### WORK REQUEST
After finding "Serve the soup" in the data, write out its line and all following lines without change, up to and including the last one. Leave out pictures.

### SOURCE MATERIAL
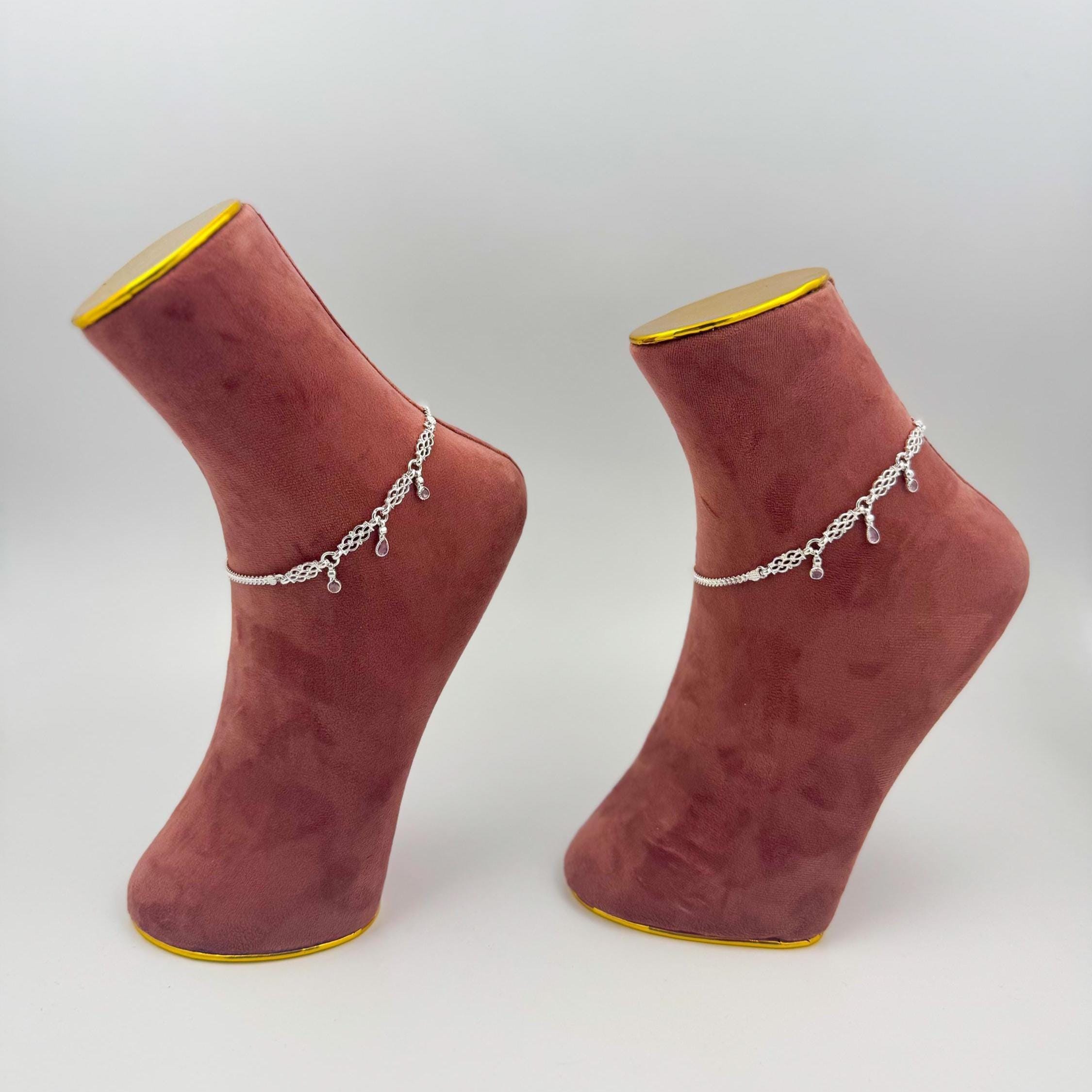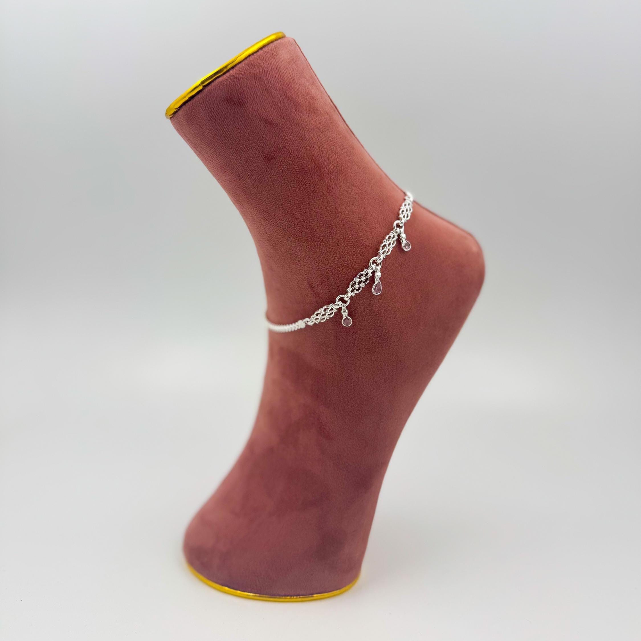 Silver Anklet – Elegant Foot Jewelry with Dangling Charms, Handmade Sterling Silver Anklet for Women, Boho Minimalist Ankle Bracelet Gift
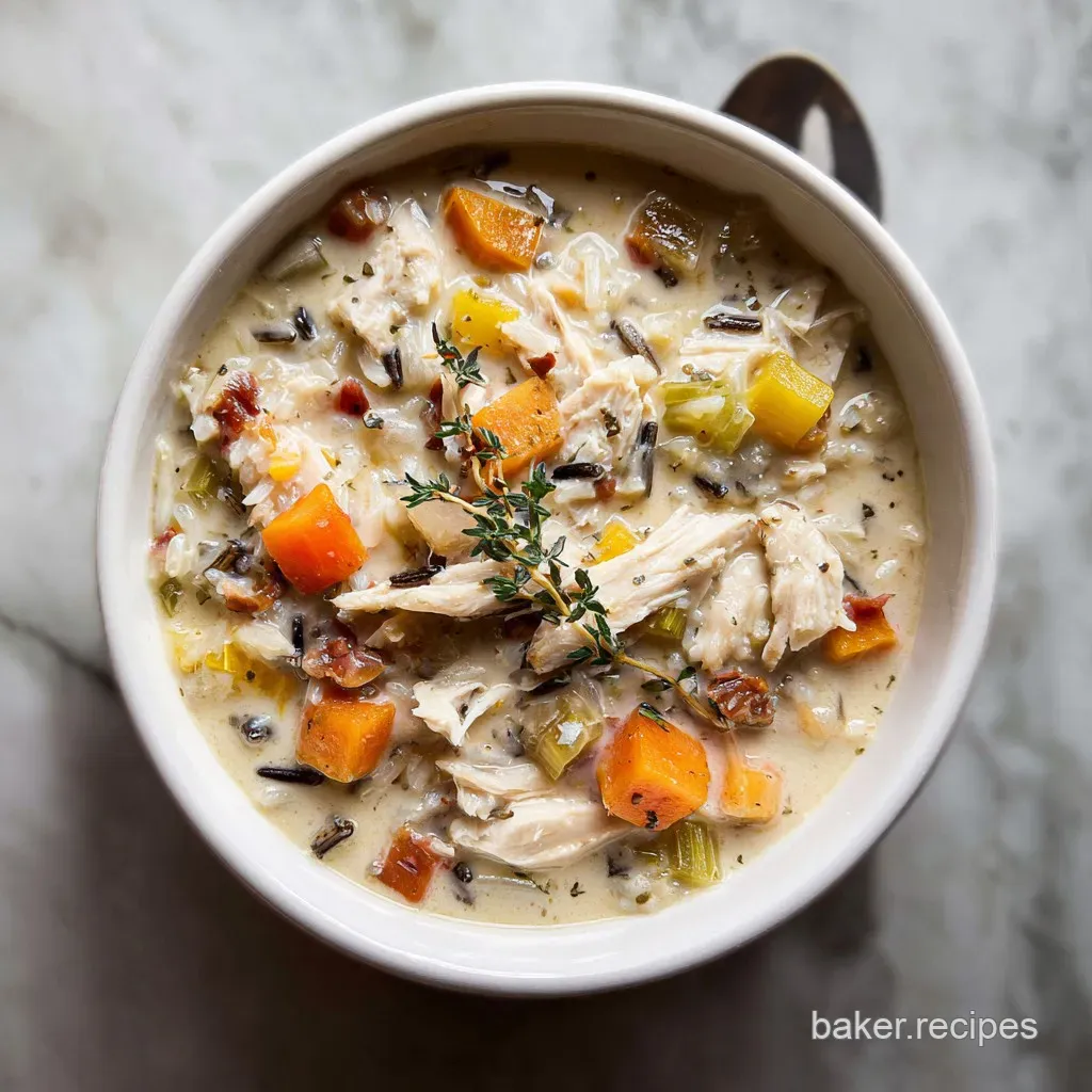 Serve the soup in wide, shallow bowls rather than deep mugs. This allows the wild rice and turkey chunks to stay visible on the surface. Add a crack of fresh black pepper and a tiny sprig of fresh thyme in the center for a professional look.
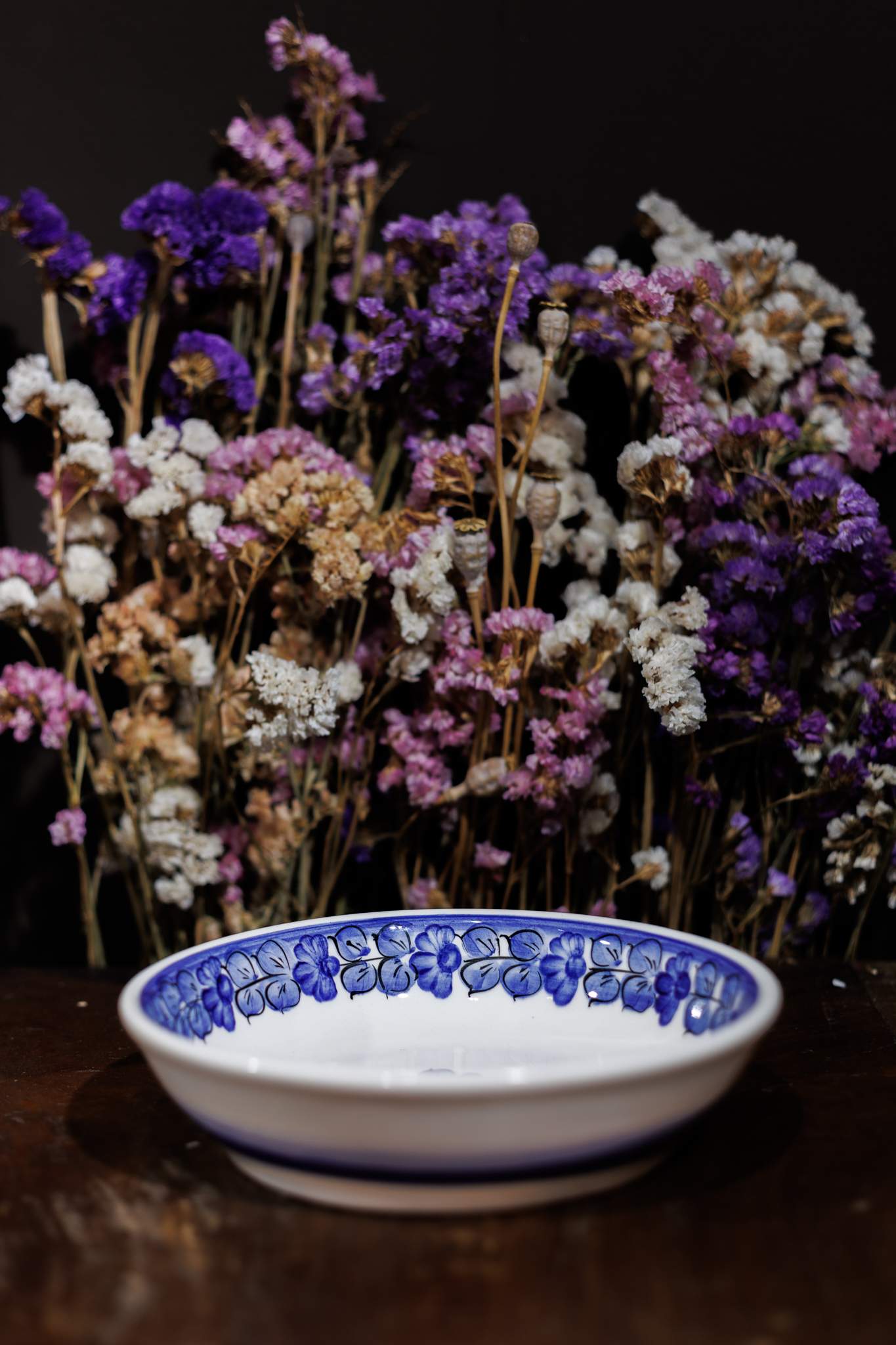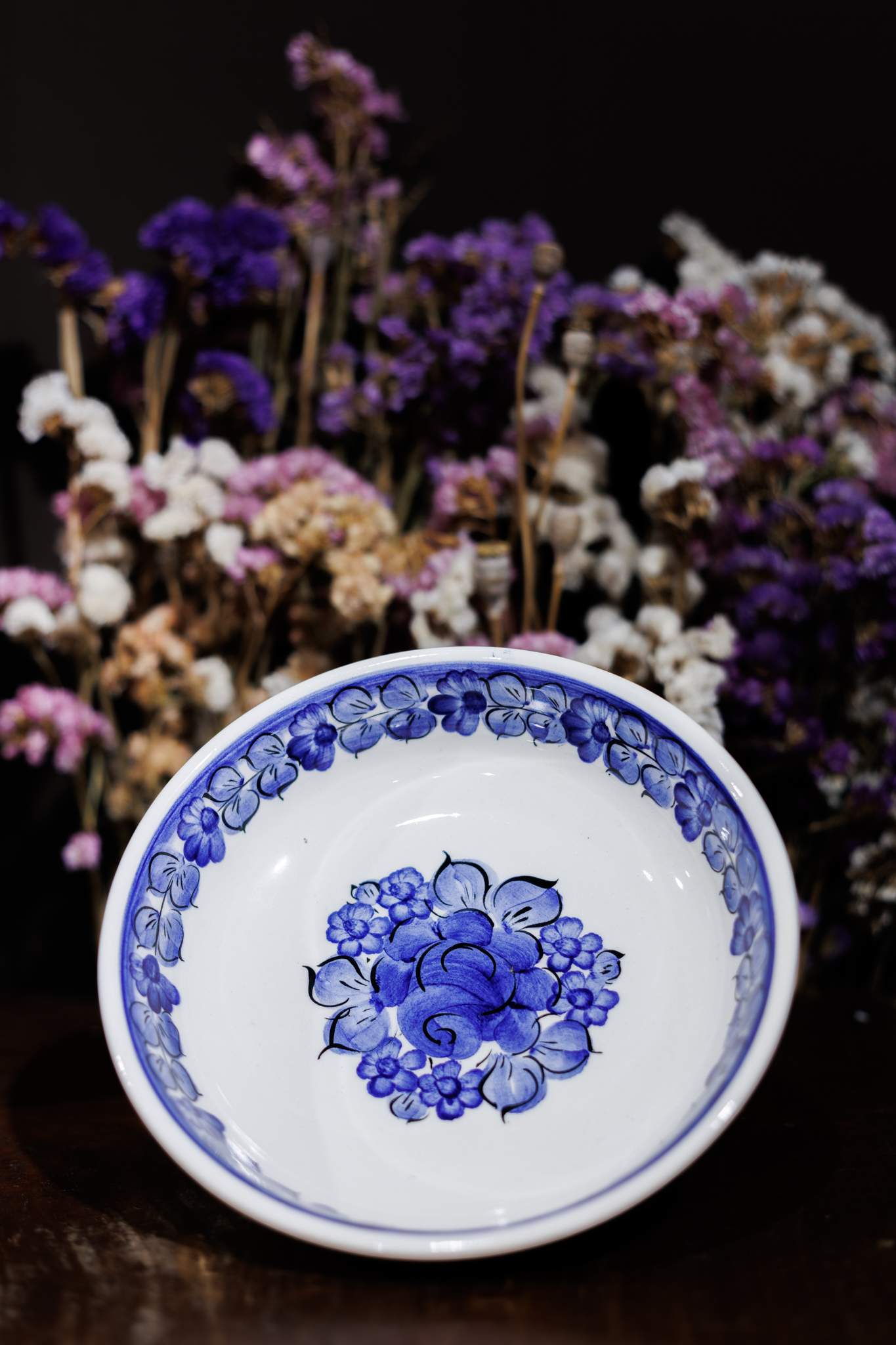 Płaska miska z Fajansu Włocławek o średnicy 19 cm. Wyróżnia się klasycznym designem. Jej biała powierzchnia zdobiona jest ręcznie malowanym kobaltowym wzorem kwiatowym. Kontrast między białym tłem a głębokim niebieskim wzorem tworzy wyrazisty efekt. Miska jest pokryta szkliwem, co zapewnia jej trwałość, połysk i ochronę wzoru.

### WORKED SOLUTION
 Serve the soup in wide, shallow bowls rather than deep mugs. This allows the wild rice and turkey chunks to stay visible on the surface. Add a crack of fresh black pepper and a tiny sprig of fresh thyme in the center for a professional look.
 Płaska miska z Fajansu Włocławek o średnicy 19 cm. Wyróżnia się klasycznym designem. Jej biała powierzchnia zdobiona jest ręcznie malowanym kobaltowym wzorem kwiatowym. Kontrast między białym tłem a głębokim niebieskim wzorem tworzy wyrazisty efekt. Miska jest pokryta szkliwem, co zapewnia jej trwałość, połysk i ochronę wzoru.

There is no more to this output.